Наверно, иногда вспоминаются ему летние ночи в сонном поселке, когда высокий лунный свет скрадывает убожество запущенных улиц, и пыльные, сомлевшие от азиатской жары палисадники с завядшей сиренью и отцветшей акацией кажутся прекрасной декорацией к какой-то другой, нездешней жизни. А быть может, видится зима с ее снегопадами, улицами в сугробах, и теплые огоньки за стеклами прихваченных морозом окон, и как тянутся к стылому небу синие струйки дыма.

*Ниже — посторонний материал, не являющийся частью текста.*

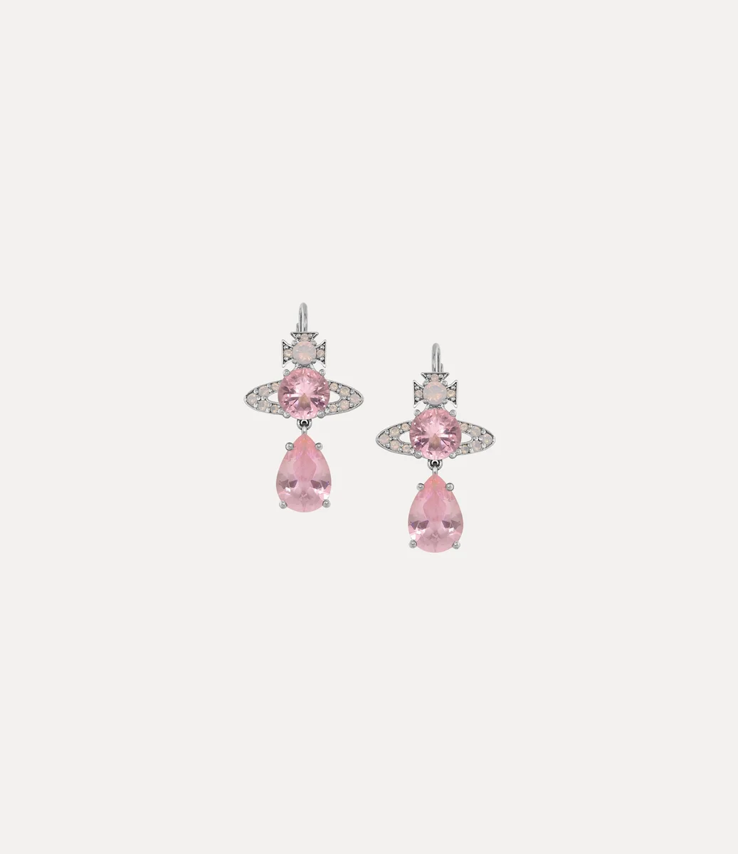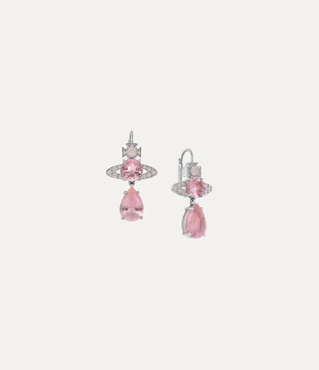 Nuestros aretes Ismene Drop están elaborados en metal plateado, con una gema rosa facetada en el centro de cada esfera y una piedra en forma de lágrima suspendida debajo. El anillo Saturno está adornado con delicados cristales rosas, mientras que la cruz de la parte superior está decorada con una gema lechosa e iridiscente.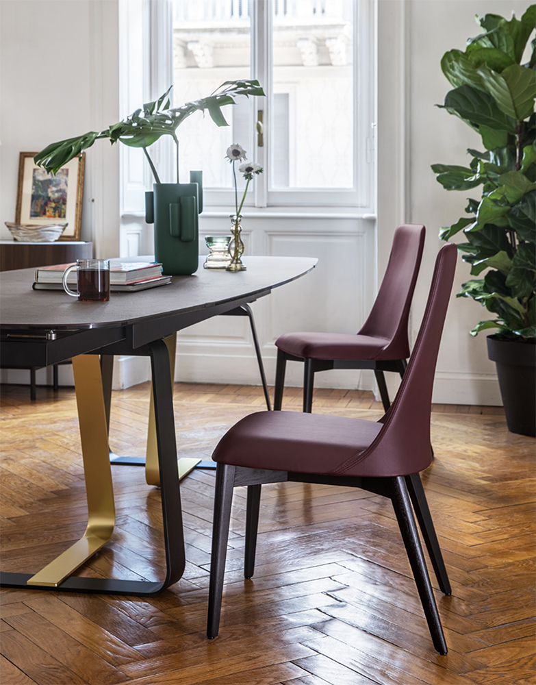 The use of state-of-the-art processing technologies has made it possible to produce a contoured shell in cold-foamed polyurethane, a material that preserves its characteristics over time.

И, наверно, хоть раз в жизни да пришло на ум, что определение из пушкинской строки -- "дым отечества" -- и есть эта хилая струйка дыма из обвалившейся печной трубы отчего дома.
А впрочем, может, все совсем и не так, и ничего такого ему не видится и не слышится, и не тянет его в поселок у железной дороги, где за прошедшие годы мало что изменилось, и все, как и повсюду, медленно приходит в упадок...
Рушан ведь совсем не знает этого парня, никогда не разговаривал с ним по душам, не сидел рядом в шумном застолье, не знает, кто стал его женой, есть ли у него дети. А может быть, жена Дудченко -- бывшая одноклассница Рушана или девушка с Украинской улицы, какая-нибудь очаровательная хохотушка, которую он легкомысленно целовал темной ночью, провожая с танцев? Наивный юношеский поцелуй, не обязывавший ни к чему ни его, ни ее... Оборвалась связь времен, истлели нити, соединявшие с отчим домом...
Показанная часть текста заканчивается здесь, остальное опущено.